AMIS REUNIS, LOGE DES
The Lodge of United Friends, founded at Paris in 1771, was distinguished for the talents of many of its members, among whom was Savalette de Langes, and played for many years an important part in the affairs of French Masonry. In its bosom was originated, in 1775, the Rite of Philalethes. In 1784 it convoked the first Congress of Paris, which was held in 1785, for the laudable purpose of endeavoring to disentangle Freemasonry from the almost inextricable confusion into which it had fallen by the invention of so many rites and new degrees. The Lodge was in possession of a valuable library for the use of its members, and had an excellent cabinet of the physical and natural sciences. Upon the death of Savalette, who was the soul of the Lodge, it fell into decay, and its books, manuscripts, and cabinet were scattered, according to Clavel's Histoire Pittoresque de la Franc-Maçonnerie (page 171).

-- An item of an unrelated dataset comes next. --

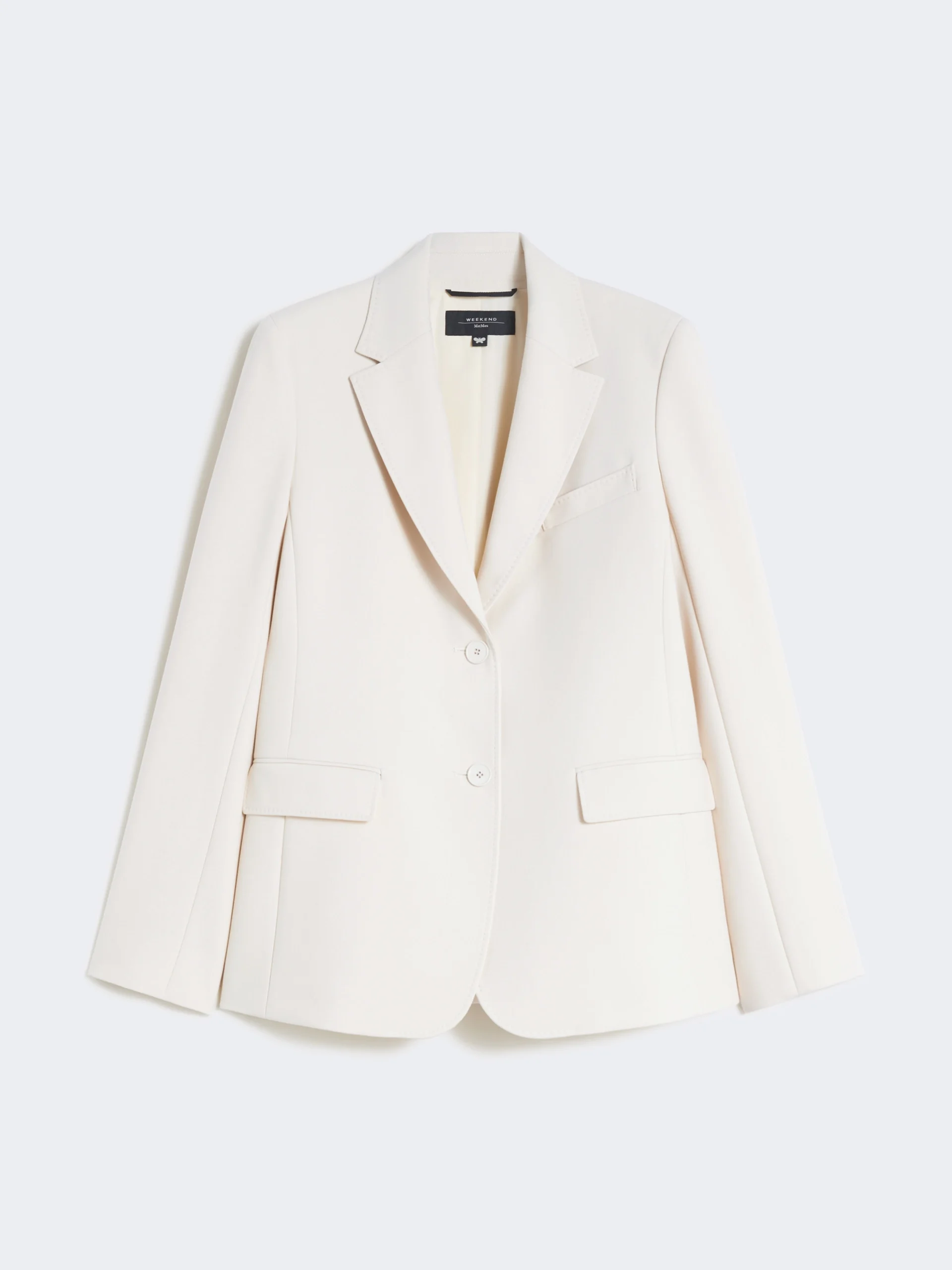 DETAILS Single-breasted blazer with a distinctive feminine fit. - Viscose-blend canvas blazer - Figure-skimming fit with a rear vent - Lapel collar and set-in sleeves with buttoned cuffs - Two-button front fastening - Breast pocket and flap welt pockets at the side - Embellished with tailored stitching - Lined model COMPOSITION AND CARE Fabric 72% polyester, 21% viscose, 7% elastane; lining 100% polyester. Do not wash; do not bleach; do not tumble dry; cool iron; professionally dry clean perchloroethylene - mild process; do not wet clean.; wash the garment while it is fastened.; protect buttons before washing.; contains non-textile parts of animal origin. Distributed by Max Mara S.r.l., registered office in Reggio Emilia (Italy), Via Giulia Maramotti 4, 42124 (IT) Collection: Weekend Max Mara Product code: 5041066106033 - WKDUVA

All of its library that was valuable was transferred to the archives of the Mother Ledge of the Philosophic Scottish Rite. Barruel gives a brilliant picture of the concerts, balls, and suppers given by this Lodge in its halcyon days, to which “les Crésus de la Maçonnerie,” meaning the wealthy ones of Freemasonry (Crésus being the name of the proverbially rich king of Lydia), congregated, while a few superior members were engaged, as he says, in hatching political and revolutionary schemes, but really in plans for the elevation of Freemasonry as a philosophic institution (see Barruel, Mémoires pour servir à l'Histoire du Jacobinisme iv, 343).